▶ [Your objective]:
Once you find the line with "面料用的是高弹涤纶 抗皱又坚固 我们特意选了这种好面料" in the listing below, set down exactly every line from it through the line with "Layer your cardigan", but no pictures.

▶ [Data for processing]:
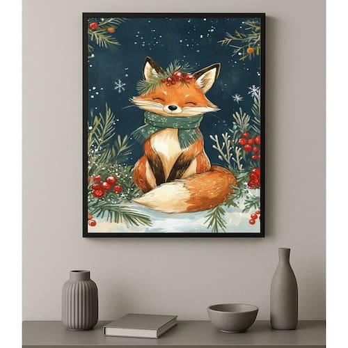 Quadro Decorativo Raposinha De Natal 33x24cm - Cor: Moldura preta
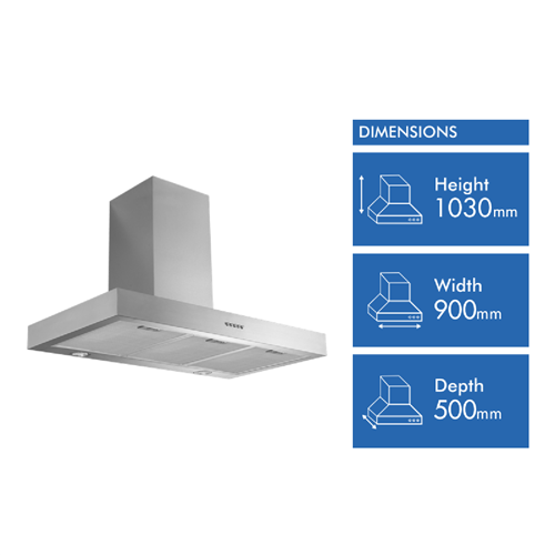 Experience powerful extraction and innovative design with the Schweigen 90cm Non Silent Wallmount Rangehood. This stainless steel wall canopy rangehood efficiently removes cooking odors and smoke with an impressive extraction capacity of 1080m3/hr. The sleek stainless steel fascia seamlessly blends with modern kitchen décor while the single internal motor operates at a noise level of 63 decibels. Easily control the rangehood using the push button controls to adjust between 3 fan speeds. Illuminating your cooktop are 2 bright LED lights. The included 3 mesh filters effectively trap grease and are simple to clean. Measuring 900mm wide 620-1030mm high and 500mm deep this ducted rangehood is suitable for 90cm rangehoods. The manufacturer's part number for this product is TSH-900. Enjoy peace of mind with the 3 year manufacturer's warranty.
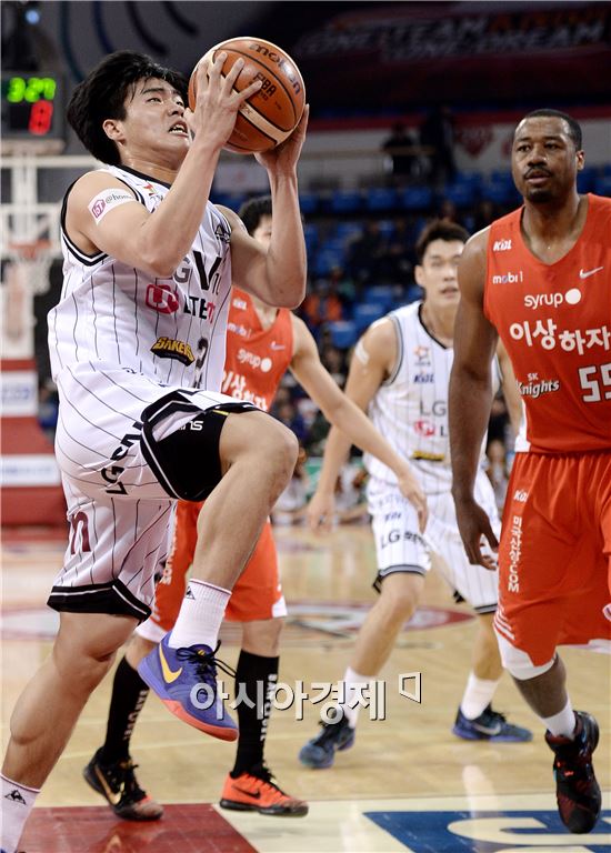 [잠실=아시아경제 김현민 기자] 프로농구 서울 SK와 창원 LG의 경기가 27일 잠실학생체육관에서 열렸다. LG 정성우가 상대 수비를 뚫고 슛하고 있다.
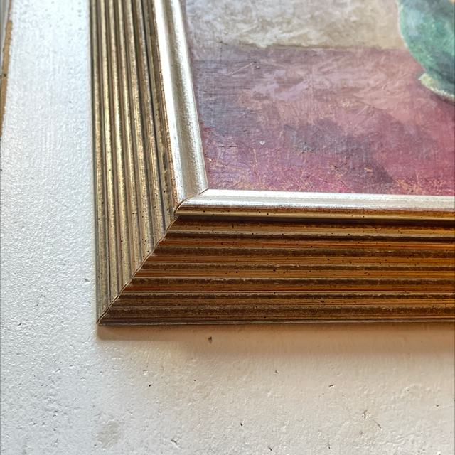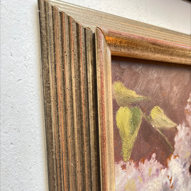 Kunstwerk Flieder Ölgemälde mit versilberter handgefertigter Holzleiste
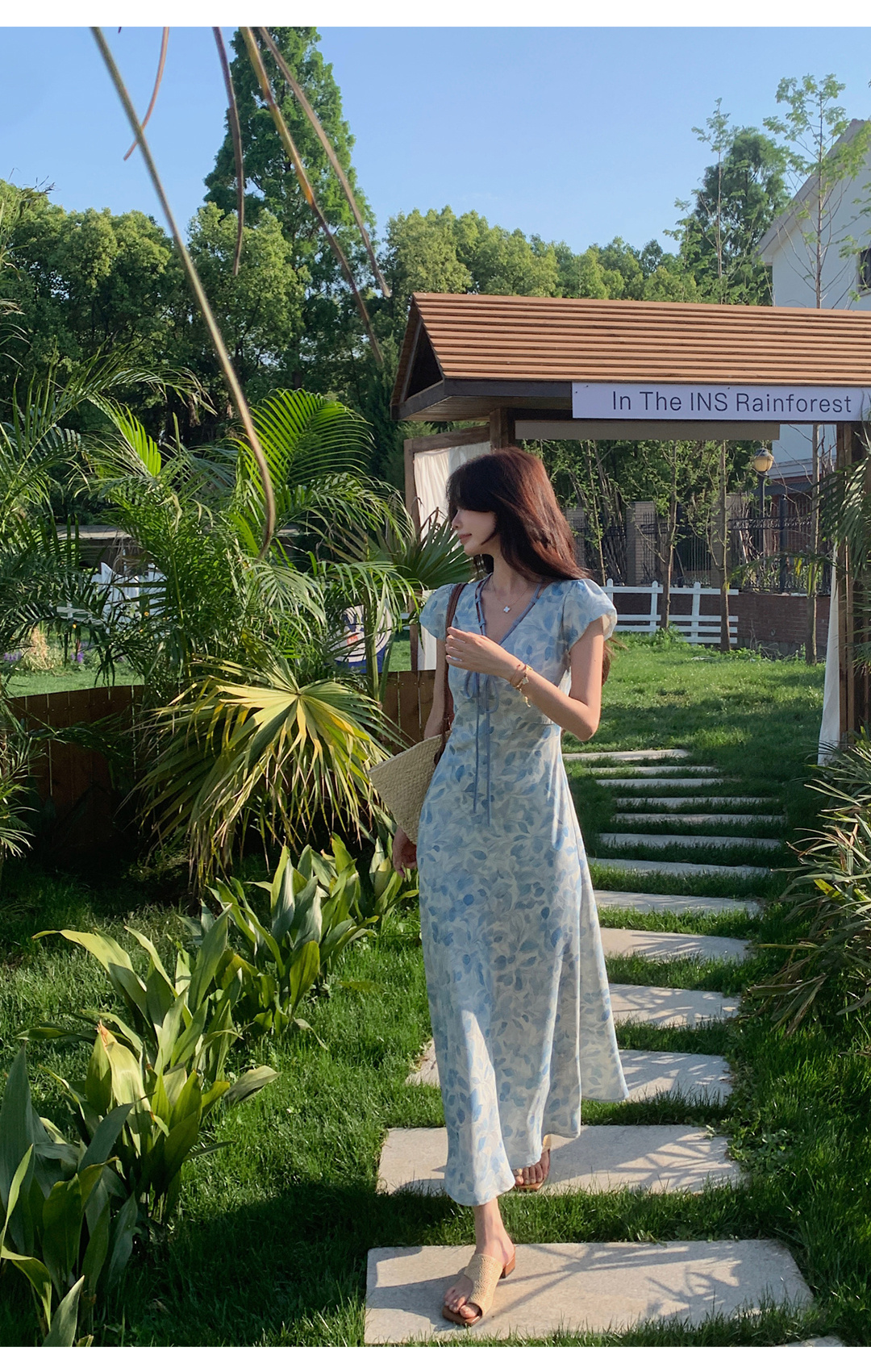 面料用的是高弹涤纶 抗皱又坚固 我们特意选了这种好面料 就是想让大家穿上它袅袅行于花间的时候 一举一动都能尽显高雅气质 100% 涤纶的抗皱效果那是没话说 出门度假带着也方便,不用担心会皱巴巴的 蓝色上身真的巨显白 穿上秒变夏日精致少女 不管是去海边度假还是参加什么聚会 穿上它绝对能成为焦点,让你美美的度过整个夏天
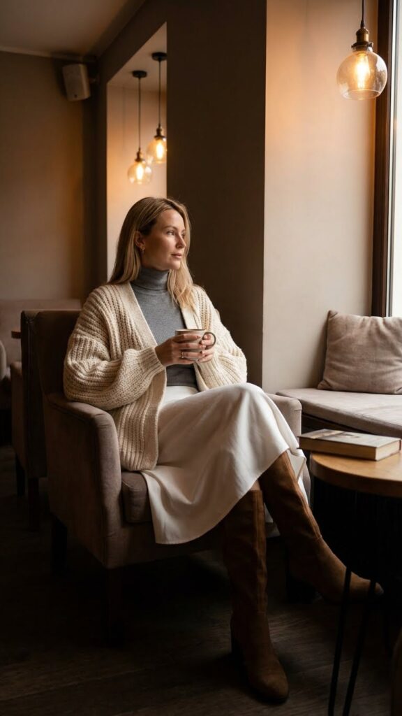 Layer your cardigan open over a fitted turtleneck or belt it at the waist to define your silhouette. This styling trick gives you freedom to adjust your look throughout the day as temperatures change.
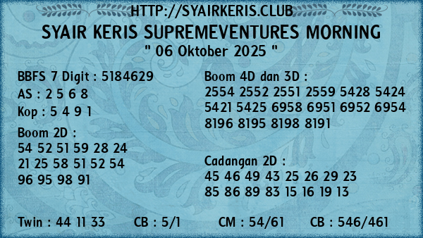 Prediksi Syair Keris Jitu Supremeventures Morning Senin, 06 Oktober 2025
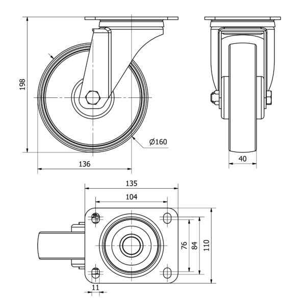 Rueda poliamix giratoria Alex diametro 160 mm. modelo TW0045 EAN 8422202000459
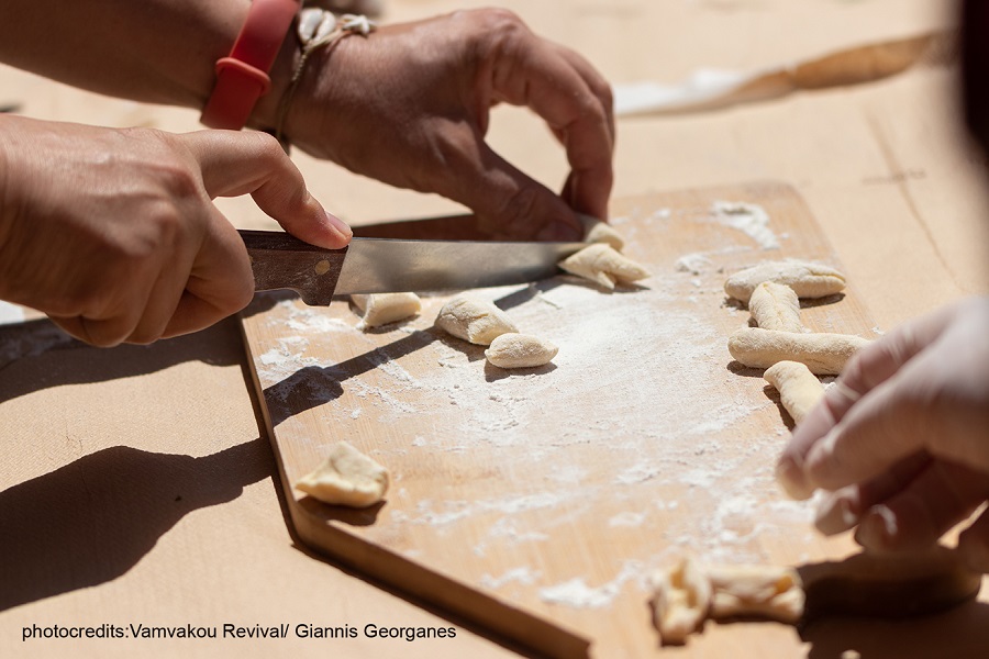 Ο Χάρης Βασιλάκος, Υπεύθυνος Προγραμμάτων της Vamvakou Revival, καλωσόρισε όλους όσοι έφτασαν στο όμορφο χωριό της Βαμβακούς, τη γενέτειρα του Σταύρου Νιάρχου και στην τοποθεσία Κάτω Βρύση όπου έγινε το πικ νικ. Η υπεύθυνη του cluster Αγροδιατροφής & Επιχειρηματικότητας του ICC WOMEN HELLAS, Νίκη Γιαβρόγλου, η επικεφαλής του cluster Λακωνίας, Αιμιλία Ρηγάκου, η chef Ντίνα Νικολάου και τα μέλη του cluster Λακωνίας, Μαρία Καράμπελα, συγγραφέας γαστρονομίας Πάολα Ρόχας, βιολόγος, Επίκουρη Καθηγήτρια του Πανεπιστημίου Πελοποννήσου, με συντονίστρια την υπεύθυνη επικοινωνίας του ICCWH, Ειρήνη Νικολοπούλου, μύησαν τους καλεσμένους ντόπιους, εκδρομείς και επισκέπτες του χωριού στην παραδοσιακή κουζίνα του Πάρνωνα, αποκαλύπτοντας πώς συνδέεται η μαγειρική με την ιστορία και τον πολιτισμό της Λακωνίας. Μαζί τους, παράλληλα με τις ομιλίες, τρεις κυρίες από τη Βαμβακού παρουσίαζαν πώς φτιάχνονται τα παραδοσιακά ζυμαρικά, οι γκόγκες.

▶ [Result for this exercise]:
 面料用的是高弹涤纶 抗皱又坚固 我们特意选了这种好面料 就是想让大家穿上它袅袅行于花间的时候 一举一动都能尽显高雅气质 100% 涤纶的抗皱效果那是没话说 出门度假带着也方便,不用担心会皱巴巴的 蓝色上身真的巨显白 穿上秒变夏日精致少女 不管是去海边度假还是参加什么聚会 穿上它绝对能成为焦点,让你美美的度过整个夏天
 Layer your cardigan open over a fitted turtleneck or belt it at the waist to define your silhouette. This styling trick gives you freedom to adjust your look throughout the day as temperatures change.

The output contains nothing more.